▶ What the exercise asks:
With the images removed, repeat the data below exactly.

(Beginning of Data section)

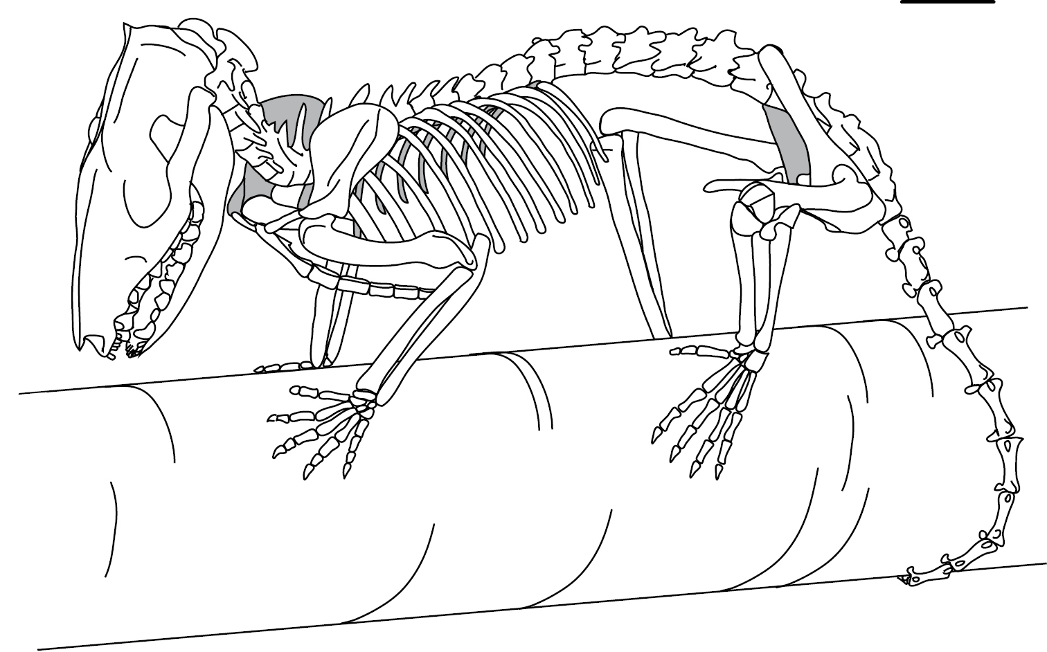 Skeleton of Monodelphis domestica. Scale bar is 1 cm.
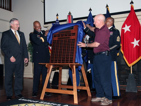 Celebration of Department of the Army Civilian with 40 plus years of service.
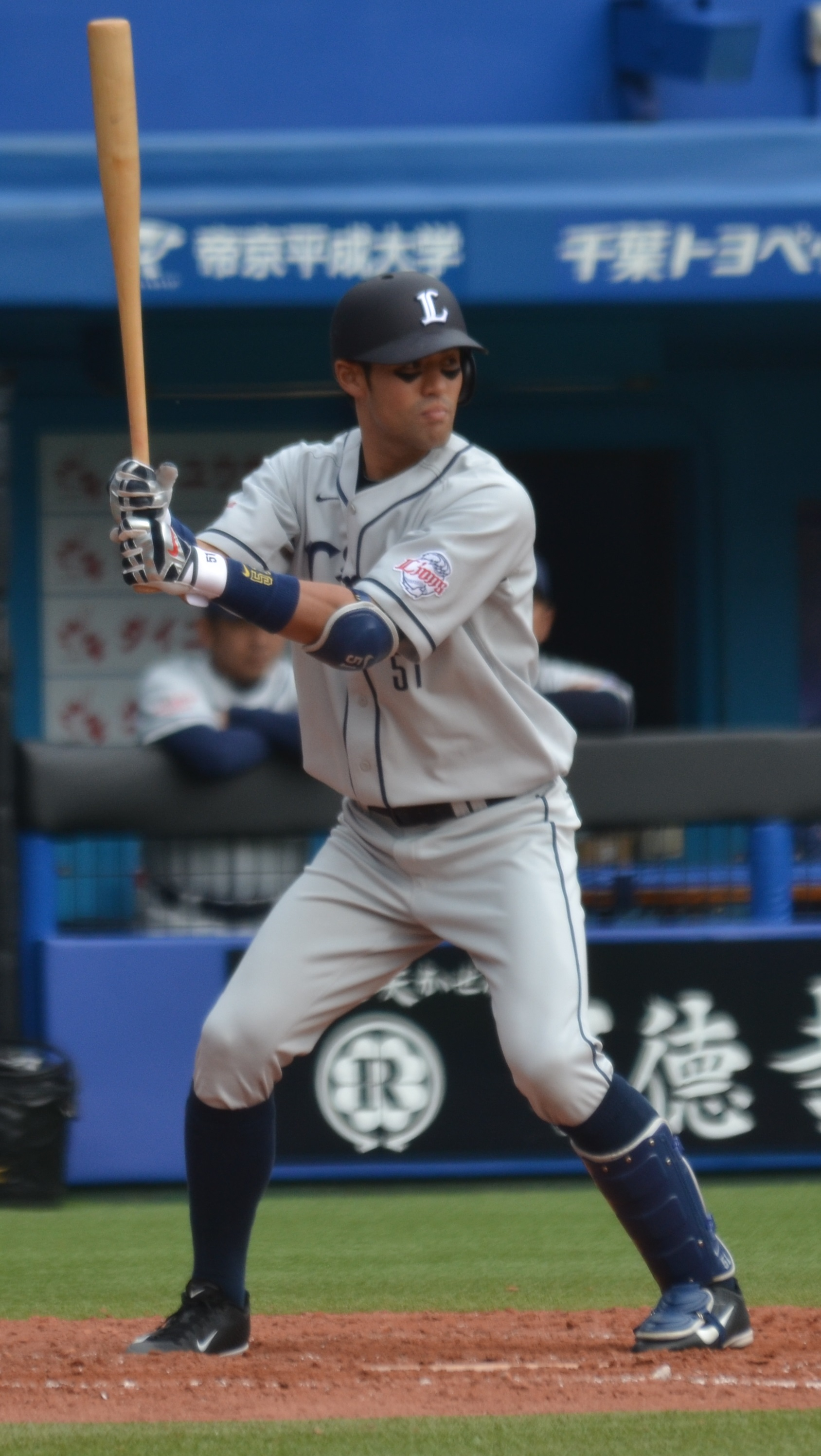 Fumikazu Kimura, outfielder of the Saitama Seibu Lions, at Chiba Marine Stadium.
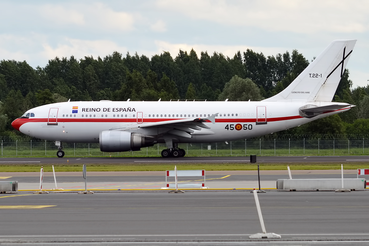 Spanish Air Force, T.22-1, Airbus A310-304

(End of Data section)

▶ Result of the task:
 Skeleton of Monodelphis domestica. Scale bar is 1 cm.
 Celebration of Department of the Army Civilian with 40 plus years of service.
 Fumikazu Kimura, outfielder of the Saitama Seibu Lions, at Chiba Marine Stadium.
 Spanish Air Force, T.22-1, Airbus A310-304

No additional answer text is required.